Young Cubans also know what happened in Eastern Europe in 1989, and what has happened there, politically and economically, since. Just to rub it in, the new tourism enterprises in Cuba are sometimes visited by newly affluent East Europeans, and the money earned tends to go to members and associates of the Castro family. There is growing anger and unrest. For half a century, the American invasion never came, and the scare story is wearing thin.

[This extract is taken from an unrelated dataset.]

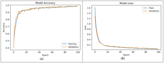 This section discusses the performance measurements required to evaluate and analyze the proposed DSEL algorithm on a noiseless dataset. This paper utilizes accuracy and loss as evaluation criteria to track training and validation performances. Accuracy is the percentage of data samples with correctly predicted labels. Loss is an error that measures how good the model’s output is compared to the ground truth label. Too many epochs overfit the training dataset, while too few underfit the model. The DSEL model was trained for 25–125 epochs to eliminate overfitting and improve generalization. After 100 epochs, model accuracy saturates, and validation error increases, which may indicate overfitting. Thus, the ideal epoch is chosen as 100. The progression of accuracy in training and validation throughout the training epochs for noiseless datasets is depicted in Figure 11a. When examining Figure 11a, it is clear that the overall accuracy improves over time and eventually reaches approximately 98.62%. The suggested DSEL algorithm model obtains many better-optimized parameters with each subsequent epoch until convergence, as evidenced by the constant improvement in training accuracy. Figure 11a illustrates that progressive gains in training and validation accuracy show no variance problem with the trained model. This lack of variance improves the model’s generalization to test data. Figure 11b shows the progression of training and validation losses over epochs. The better the model, the lower the convergence loss. A lower loss value at convergence indicates a more accurate model. Training and validation losses decreased simultaneously and converged around 0.056.

Castro's lies and fantasies have survived everything but time. Letting the countries more troublesome inmates migrate (in mass movements in 1980 and 1994) to the United States has delayed an uprising. But after Fidel dies, his brother Raul, the chief of the secret police, will be in charge. Raul drinks a bit, and does not have Fidels charm and charisma. Poor Raul will immediately have to cope with younger Cubans who want a better life, and see through the propaganda (of Cuba being a "socialist paradise.") And many of the younger Cubans are in the secret police and military. The CIA, and Raul, have, for years, been searching for secret police and army officers who might try to organize a coup. Over the years, the Castro brothers have dismissed, jailed, and even executed some officers who might have been political rivals. That has taught any politically ambitious officers to keep their heads down. But once Fidel dies, and even before Raul does, these wannabe democrats (or military dictators) will stir, and Cuba will go through another period of violence and unrest.

What emerges may not be a democracy. Half a century of communist rule has had an impact, and many young Cubans know what has happened in China. There, economic reform, while keeping the communist police state, has led to decades of annual economic growth of ten percent or more. Most Cubans want prosperity, not democracy. They want order and security. One thing that was learned when Germany was reunited, was that several decades of communist indoctrination and regimentation damages the work ethic, entrepreneurial spirit and attitudes toward democracy. The East Germans, especially those who had spent the most time living under the communist government, were damaged goods. It was the younger East Germans who got things going, mainly because they had not been exposed to the corrosive communist mind control for long.

Many Cuban-Americans have noted this effect. They have kin back in Cuba, and they stay in touch. They know the chilling reality of stunted attitudes and abject resignation among their cousins back in the old country. The Cuban exile community is not as optimistic as they once were, about the prospects for a post-Castro Cuba. For Castro has not only trashed the Cuban economy, he has crippled the Cuban spirit. This will result in a very unhappy and uneasy post-Castro Cuba, and perhaps a very violent one as well.